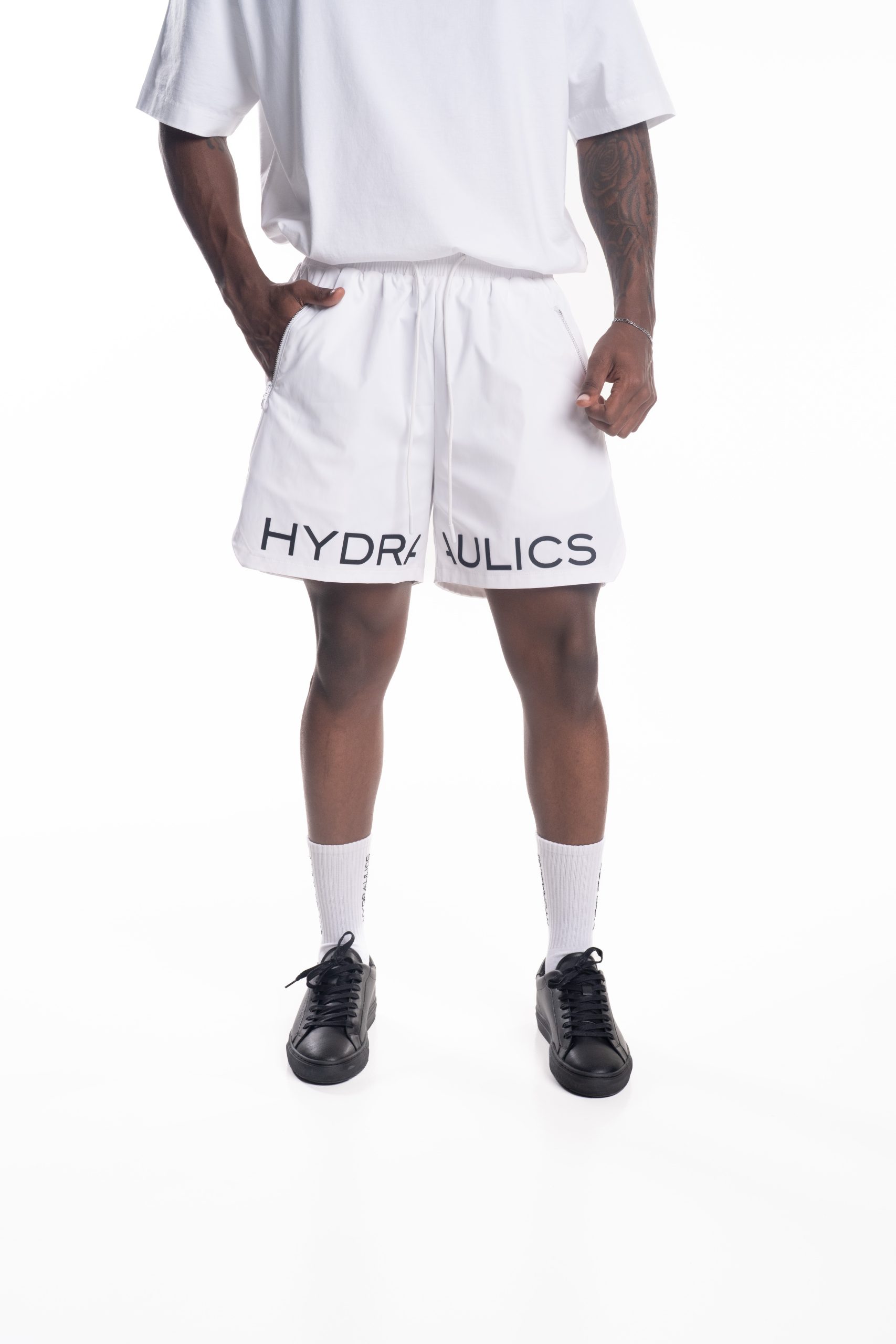 Introducing the Hydraulics nylon shorts, featuring bold branding across the thigh hem area and finished with secure zipped pockets for functional, everyday wear.
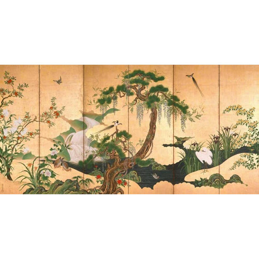 Birds and Flowers of Spring and Summer Black Modern Wood Framed Art Print by Eino, Kano
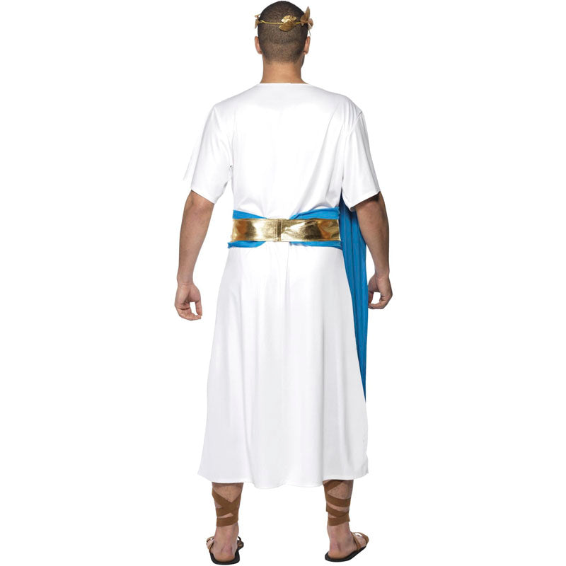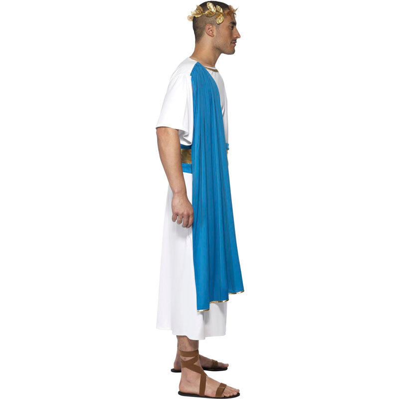 O fato inédito Senador romano capa azul para homens inclui: túnica, cinto e toucado | Este disfarce de patrício romano para adultos está disponível em 2 tamanhos diferentes
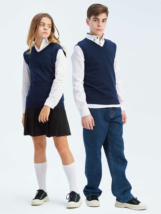Вязаный жилет из смесового хлопка с V-образным вырезом. Ворот, пройма и низ изделия оформлены резинкой.
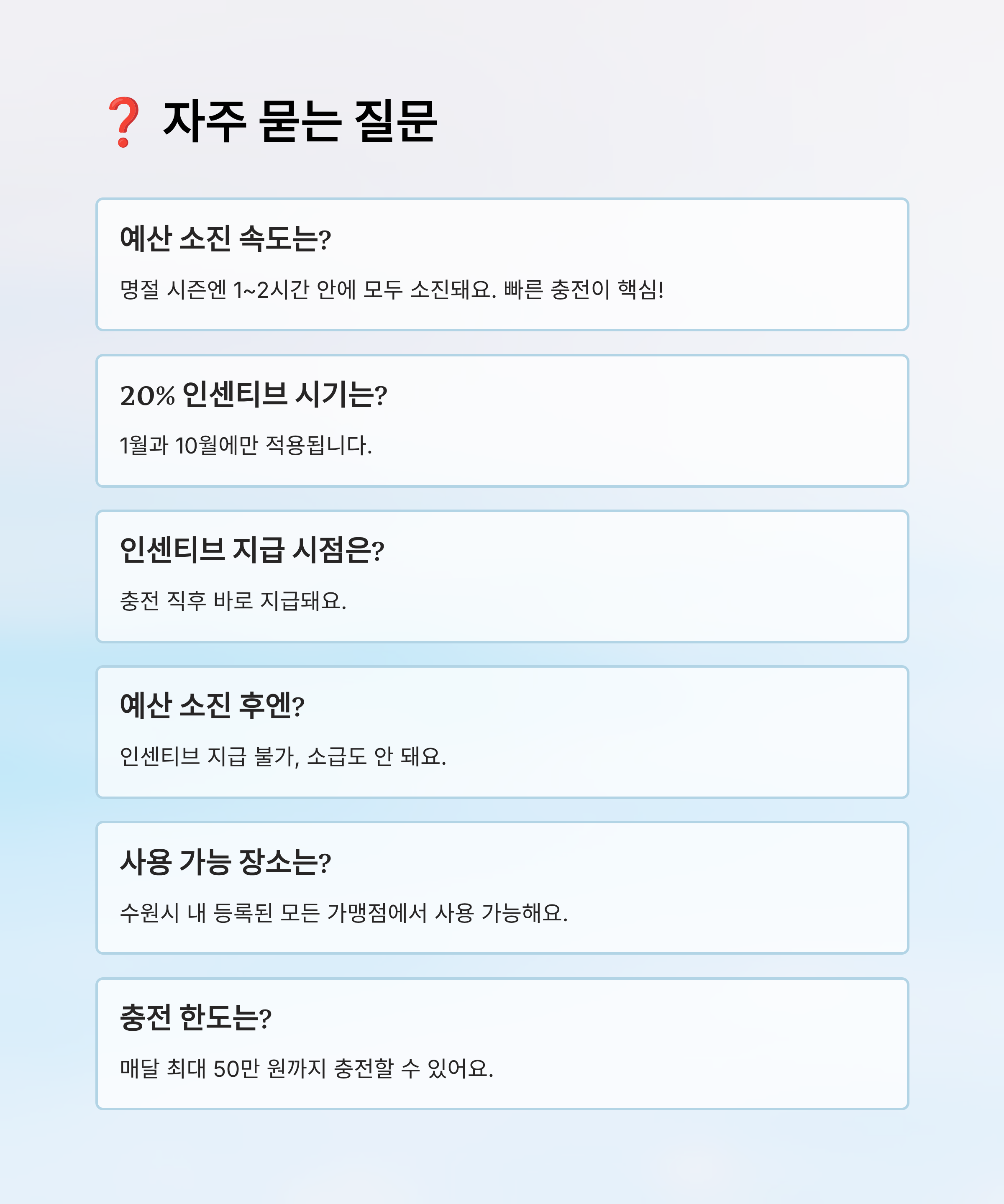 🛡 면책 조항: 본 콘텐츠는 2025년 10월 기준 공개된 정보를 기반으로 작성되었으며, 실제 정책 및 예산은 수원시와 경기지역화폐 운영사에 따라 변경될 수 있어요. 항상 공식 홈페이지 및 앱을 통해 최신 정보를 확인해 주세요.

What the exercise asks
Copy the listing above verbatim; the pictures it contains are to stay out.

Result for this task
 Introducing the Hydraulics nylon shorts, featuring bold branding across the thigh hem area and finished with secure zipped pockets for functional, everyday wear.
 Birds and Flowers of Spring and Summer Black Modern Wood Framed Art Print by Eino, Kano
 O fato inédito Senador romano capa azul para homens inclui: túnica, cinto e toucado | Este disfarce de patrício romano para adultos está disponível em 2 tamanhos diferentes
Вязаный жилет из смесового хлопка с V-образным вырезом. Ворот, пройма и низ изделия оформлены резинкой.
 🛡 면책 조항: 본 콘텐츠는 2025년 10월 기준 공개된 정보를 기반으로 작성되었으며, 실제 정책 및 예산은 수원시와 경기지역화폐 운영사에 따라 변경될 수 있어요. 항상 공식 홈페이지 및 앱을 통해 최신 정보를 확인해 주세요.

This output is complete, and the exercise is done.